Yeah static is a must to do it right.  That is the hardest part of hosting at home since most ISPs won't provide that.  For me I have a couple things hosted at home and had to rig together a script to update my online DNS server so it's a bit mickey mouse and I would not run anything important that way but it's just a game server. The web stuff is at OVH.  If I could get static, and also permission, I would host it all at home.      It's a bit reckless to not have a UPS though.  Your power is reliable... until it's not.  Trees can fall on lines, and maintenance sometimes requires power to go out.  I would at very least put in an hour worth of battery backup.

As for batteries being an "ongoing cost" that is false if you take good care of them.  Though I admit I had 2 die on me from shorted cell but I consider that an abnormal fault.  I'm also using cheap Canadian Tire batteries that are actually rated for starting and marine and not true deep cycle (mistake I made originally and then wanted to try to stick to same battery for any new ones), I would hope more expensive solar grade ones would tough longer without a premature failure.  Currently my oldest battery is from 2013, it was to replace the first one that died prematurely.  The other one I never replaced so was running on 3 for a while then brought my shed's solar battery inside and hooked it up.   My UPS is not the best either as it has zero programmable features.  I find it starts to charge at a higher rate than I'm comfortable with after a power outage.  I would prefer it to just float and then have a monthly equalize. 

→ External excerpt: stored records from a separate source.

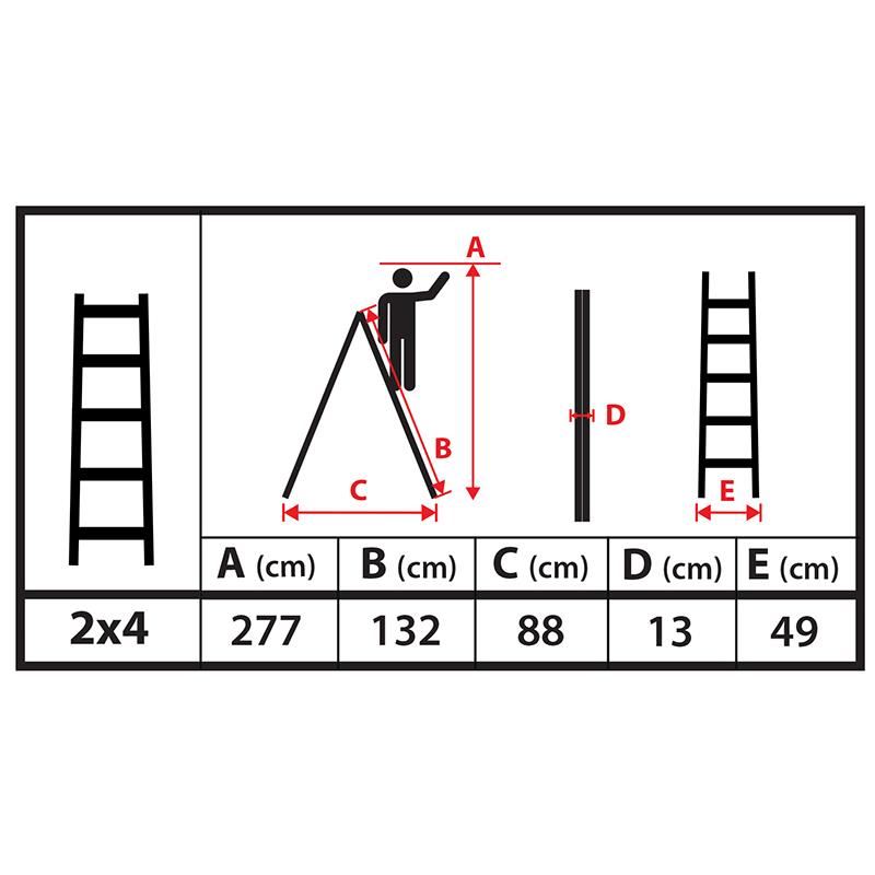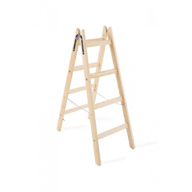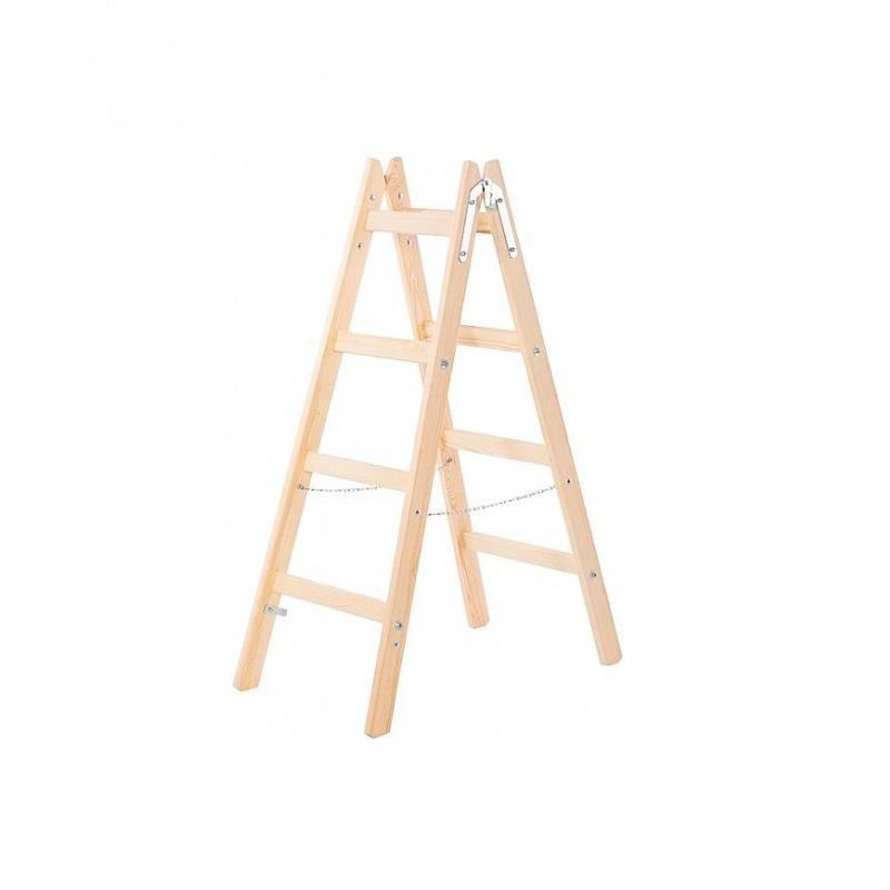 A 4 lépcsős fa dupla lépcsőt masszív és stabil felépítés jellemzi, amely garantálja a biztonságos munkavégzést a magasban.
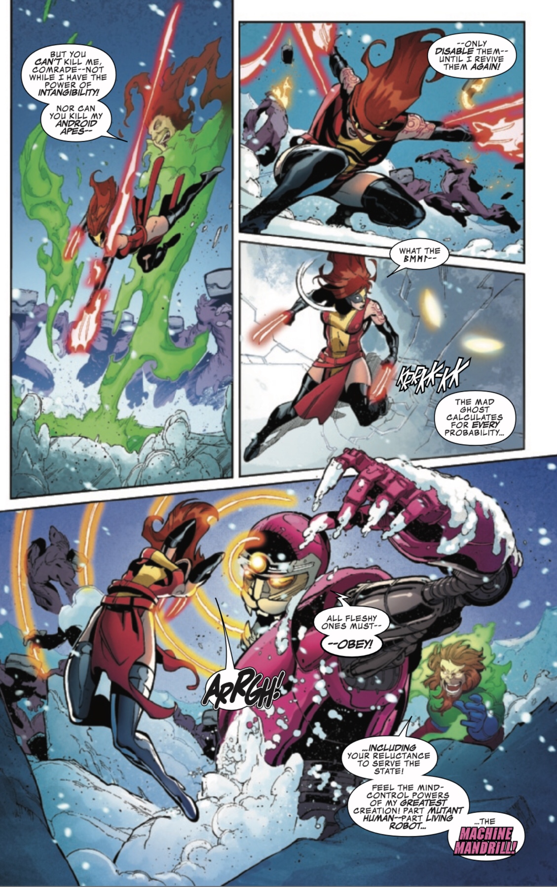 Now, there were many positives to the issue, especially both art teams. That said, let this reviewer focus on the aspiring narrative elements. The first positive part of the issue was Al Ewing sharing the biggest plot thread of them all at the beginning of the story. Readers find out about a flaw in the Soul Stone. Therefore, this reviewer wonders if the Warped villains know how to escape the Soul Stone and enter “our” Earth. Additionally, this fan loved the spell casting names and the witty saying like “Hex marks the spot” and “Hexacution”. Ewing added a lighter feel to an otherwise serious action tale.
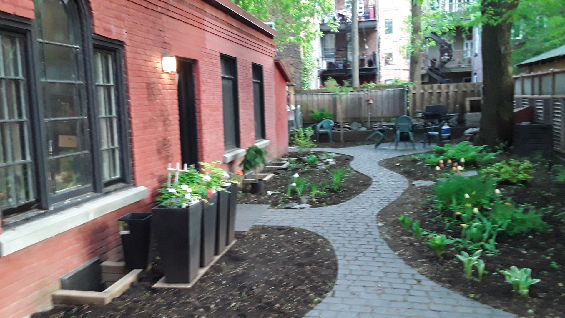 Situé dans une arrière cour, tranquille et verdoyante.
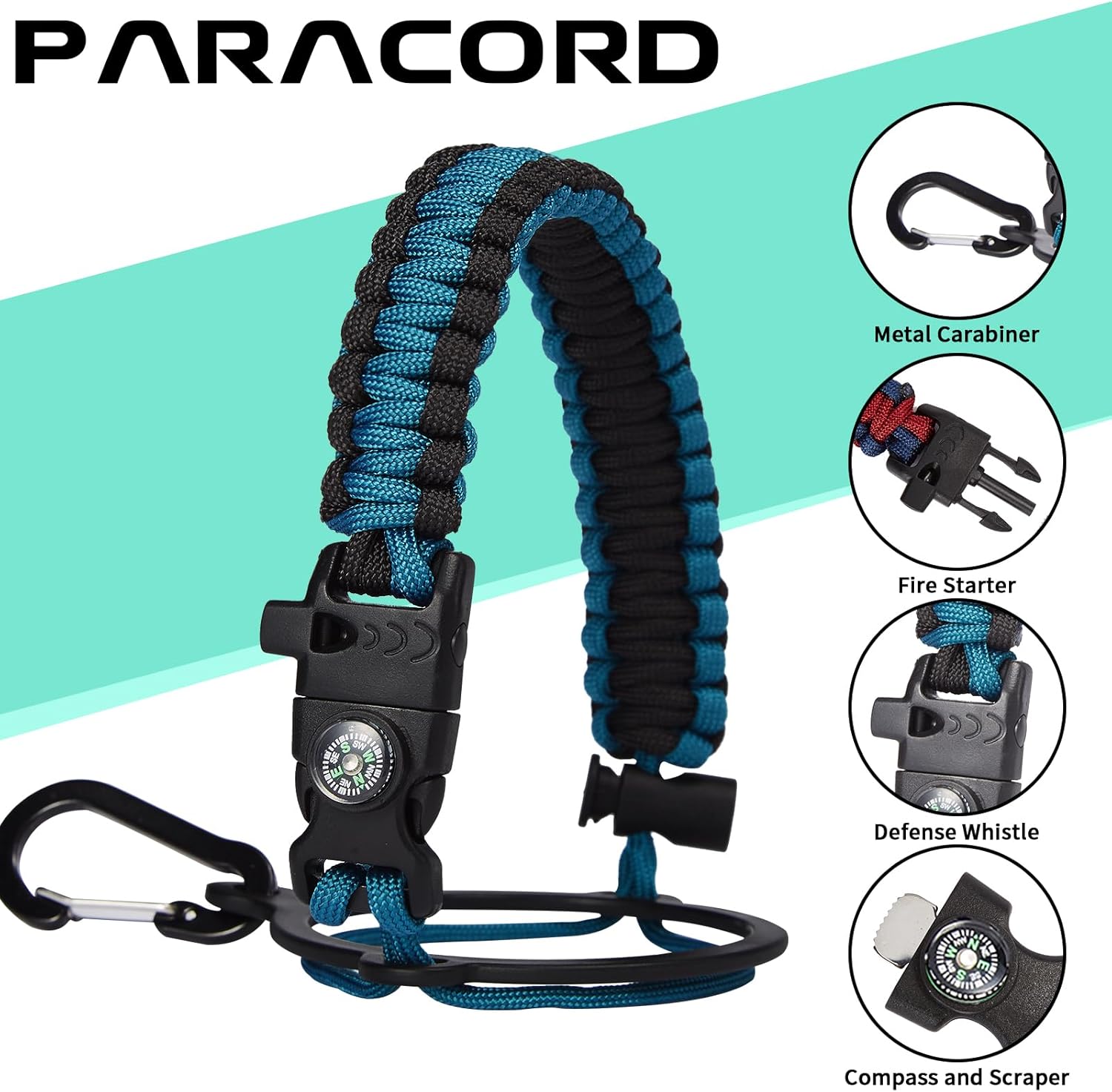 - UNIQUE DESIGNS PARACORD HANDLE: Full-function paracord handle made in individual styles to match the color of the flask water bottles. With compass, safety ring, carabiner & whistle. It unravels into a sturdy and taut rope in an emergency, making the large water jug an ideal survival kit for expeditions in the wild
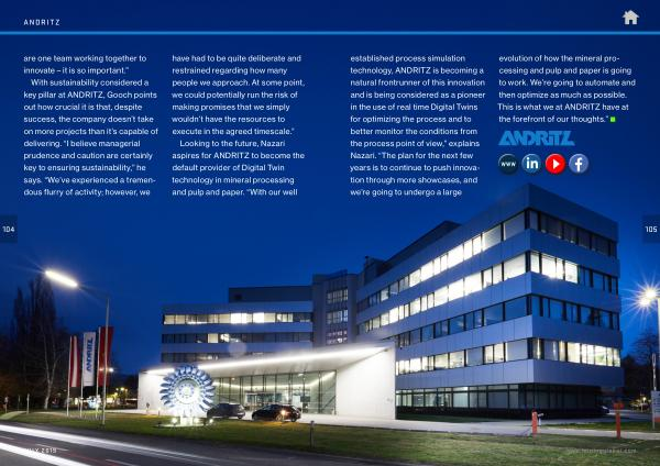 established process simulation technology , ANDRITZ is becoming a natural frontrunner of this innovation and is being considered as a pioneer in the use of real time Digital Twins for optimizing the process and to better monitor the conditions from the process point of view ,” explains Nazari . “ The plan for the next few years is to continue to push innovation through more showcases , and we ’ re going to undergo a large evolution of how the mineral processing and pulp and paper is going to work . We ’ re going to automate and then optimize as much as possible . This is what we at ANDRITZ have at the forefront of our thoughts .”
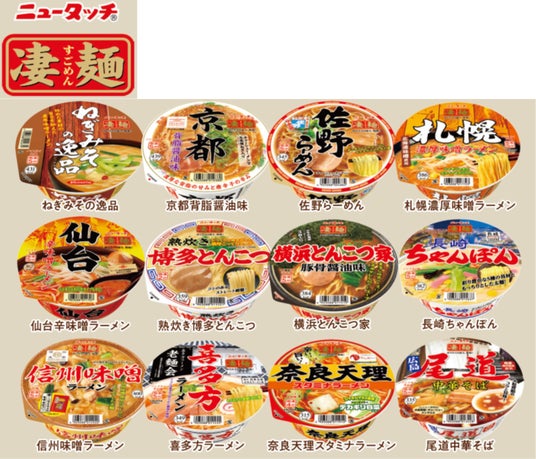 ●商品内容 :凄麺(ねぎみその逸品133g、京都背脂醤油味124g、佐野らーめん115g、札幌濃厚味噌ラーメン164g、仙台辛味噌ラーメン152g、熟炊き博多とんこつ110g、横浜とんこつ家123g、長崎ちゃんぽん121g、信州味噌ラーメン121g、喜多方ラーメン115g、奈良天理スタミナラーメン112g、尾道中華そば115g)
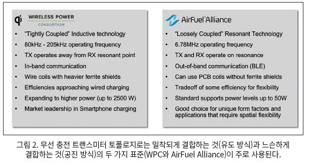 교류 자기장을 통해서 무선으로 전력을 전송하기 위해서 두 가지 기술이 주로 사용된다. 유도 방식과 공진 방식이다. 두 기술은 각기 특성이 다르고, 이를 반영해서 무선 충전 시장에서 두 표준 기관이 활동하고 있다. WPC(Wireless Power Consortium)와 AirFuel Alliance이다. 그림 2는 두 표준의 차이점을 요약하고 있다.
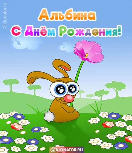 Обрадуйте подругу, или близкого человека в День Рождения с именем Альбина открыткой, или песенным поздравлением от всего сердца. Колоритные и веселенькие, сочные и авторские, на нашем ресурсе klonator.ru любой отыщет высококлассную открытку, которая подходит стилю жизни виновницы торжества. Когда абонент получит от вас картинку, это всенепременно подарит отличное ощущение праздника, как-никак это во все времена до слёз любо-дорого. Также любую картинку несложно скачать бесплатно и установить в форум, или сайт.
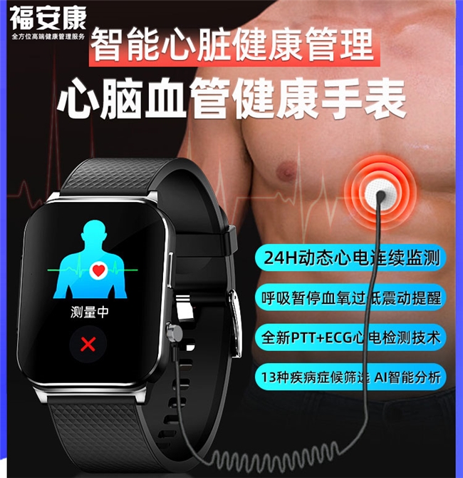 智能心脏健康管理心脑血管健康手表,24H动态心电谁续监测,呼吸暂停血氧过低震动提醒,测量中,全新PTT+ECG心电检测技术,13种疾病症候筛逃AI智能分析。
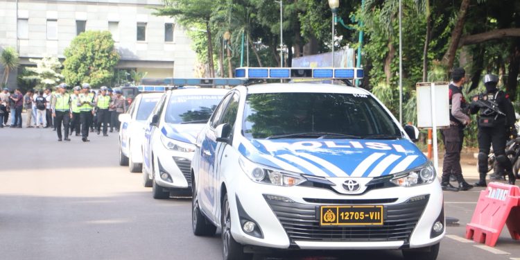 Jakarta – Personel Polda Metro Jaya melakukan patroli skala besar sebagai bagian operasi Mantap Brata pengamanan Pemilu 2024. Polisi berpatroli menyisir beberapa lokasi rawan gangguan keamanan dan ketertiban masyarakat.
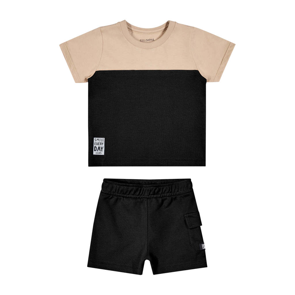 O Conjunto Colorittá é composto por camiseta em meia malha e dupla face piquet e bermuda em dupla face piquet. A camiseta de mangas curtas traz um recorte bicolor com textura diferenciada, além de estampa discreta com relevo, garantindo um visual cheio de personalidade. Já a bermuda conta com elástico no cós, bolso lateral e textura combinando com a camiseta. Ideal para passeios e dias de diversão, esse conjunto é uma escolha versátil e despojada para curtir cada momento. Aposte!Detalhes da peça: • Conjunto composto por camiseta e bermuda • Feito em meia malha e dupla face piquet • Possui mangas curtas • Recorte bicolor texturizado • Estampa com relevo • Elástico no cós • Possui bolso • Ideal para passeios e dias de diversão
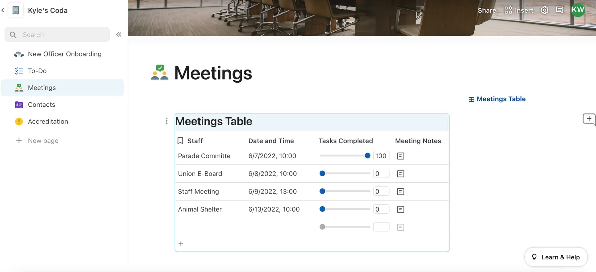 I am fairly new to Coda and I’m having a difficult time printing/exporting my notes from a canvas column. I created a table to organize my meetings which is pictured below.
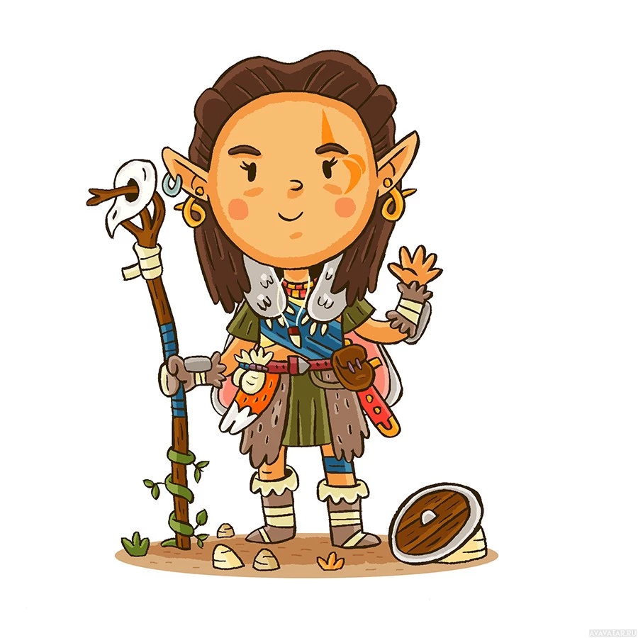 fantasy attire, including a tunic with intricate patterns, leggings, boots, and jewelry that could be interpreted as earrings or amulets. The character also holds what appears to be an enchanted staff in one hand, suggesting they may have
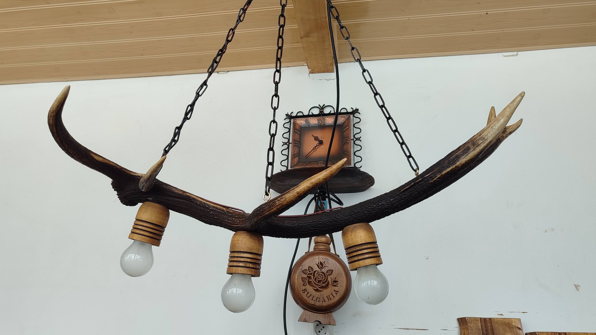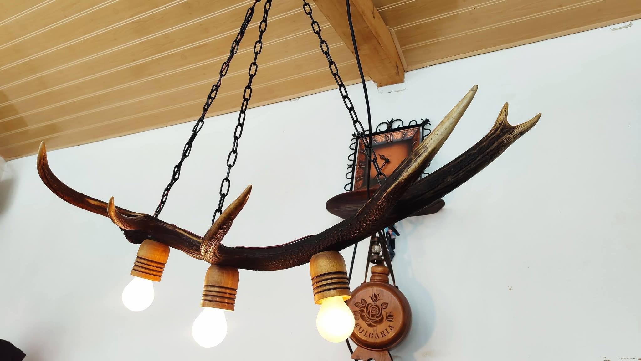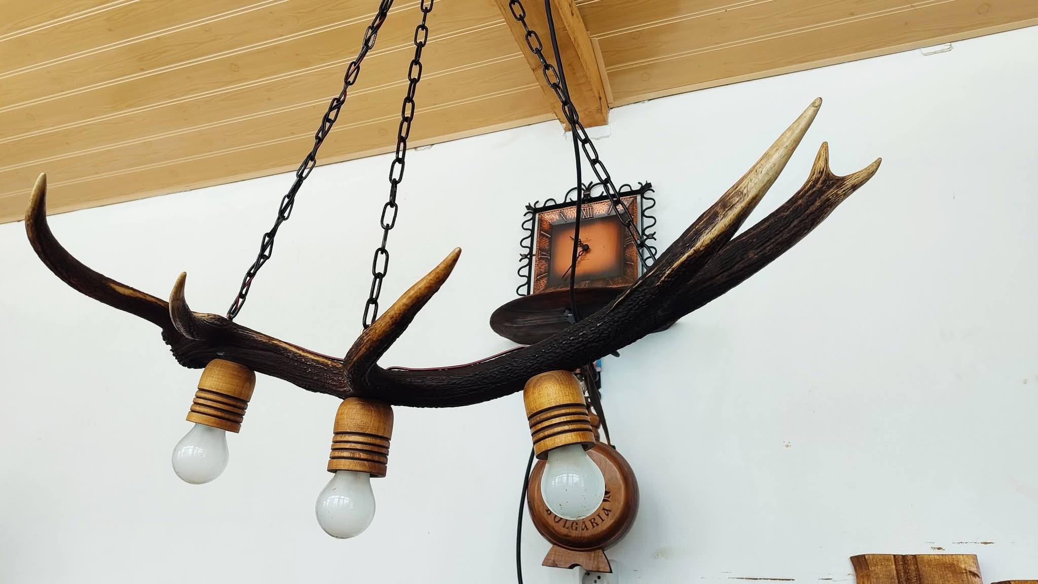 Полилеи от автентични реставрирани колела от каруци с дървени чашки и лед осветление!

Downside of these consumer batteries is they change the models all the time so like none of them really match which is not good.  They're all in parallel though as it's as 12v system.

Eventually I think I will upgrade to golf cart batteries and then throw all 4 of these in the shed for the solar once I figure out how to keep the panels snow free year round.

yeah batteries and even servers need to be replaced at some point but that's cheaper than paying per month, or paying MORE every time you want an upgrade. Most data centres for example will add $20+/mo to your bill if you want more ram or disk space.
« Last Edit: April 04, 2020, 10:03:07 pm by Red Squirrel »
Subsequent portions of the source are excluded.